Thursday, December 25, 2008

Locked Out of Indoor Cage, Two Baboons Die at Moncton, NB Zoo

Just in time for Xmas:

Tragedy has hit the Magnetic Hill Zoo in Moncton after two baboons died of hypothermia when they were accidentally locked out of their indoor home.

Bruce Dougan, the zoo's general manager, said an experienced zookeeper forgot to allow the animals back into their home after it was cleaned and new food was spread out on Monday night.

"And for some reason she forgot to let them back in, she forgot to open the door to let them back in," Dougan said.

Dougan said the animals spent the night outside and died of hypothermia.

"The female had already perished and the male was in dire straits. We called the vet in right away and unfortunately he died shortly thereafter," Dougan said.

Staff at the zoo are "very distraught" over the accident, he said, but none more so than the zookeeper involved.

Environment Canada data shows the temperature ranged from –9.1 C at 8 p.m. Monday to –2 at 8 a.m. At 2 a.m., the wind chill, in heavy, blowing snow, made it feel like –16.

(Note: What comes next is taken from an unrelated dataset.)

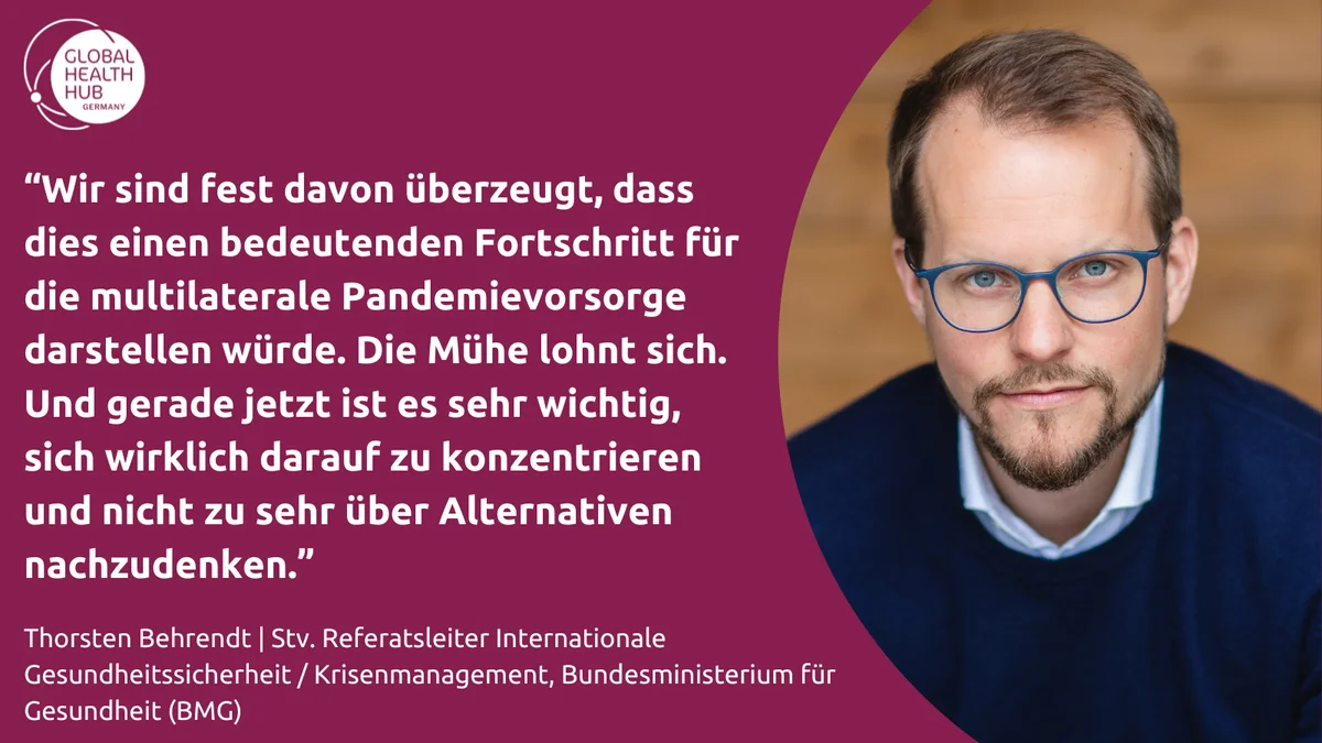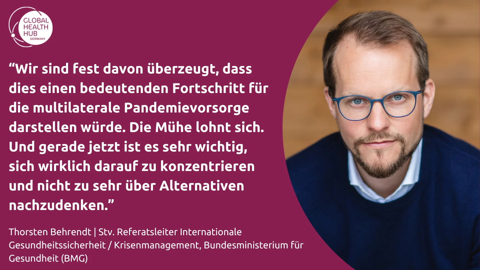 Da die Verhandlungsfrist schnell abläuft, lautet die zentrale Frage nun, ob vor Ablauf der Frist im Mai 2026 noch eine sinnvolle Einigung erzielt werden kann. Deutschland bleibt vorsichtig optimistisch, dass eine Einigung noch möglich ist. Behrendt betont, dass der Abschluss des Annex einen wichtigen Schritt für die multilaterale Pandemievorsorge darstellen würde. Gleichzeitig räumt er ein, dass Pragmatismus unerlässlich sein wird. Die Verhandlungsführer müssen sich möglicherweise jetzt auf die Kernelemente einigen und einige detailliertere Fragen der Umsetzung, wie beispielsweise den genauen Wortlaut der Verträge mit Unternehmen, späteren Prozessen im Rahmen der Konferenz der Vertragsparteien überlassen. Gleichzeitig warnt er davor, den Schwung zu verlieren: „Wir sollten nicht zu viel über Alternativen nachdenken, denn das nimmt auch den Druck, einen Konsens zu erzielen.“

Dougan said the two olive baboons were medium-sized primates, weighing roughly 10 kilograms. Although these animals are used to spending their days outside, Dougan said the night that they spent outdoors was just too cold for them to survive.

"That night was very, very cold," he said.

"Baboons are hearty animals. They spend all their days outside in the winter — they enjoyed being outside in the winter."

Dougan said nothing like this has ever happened before at the zoo.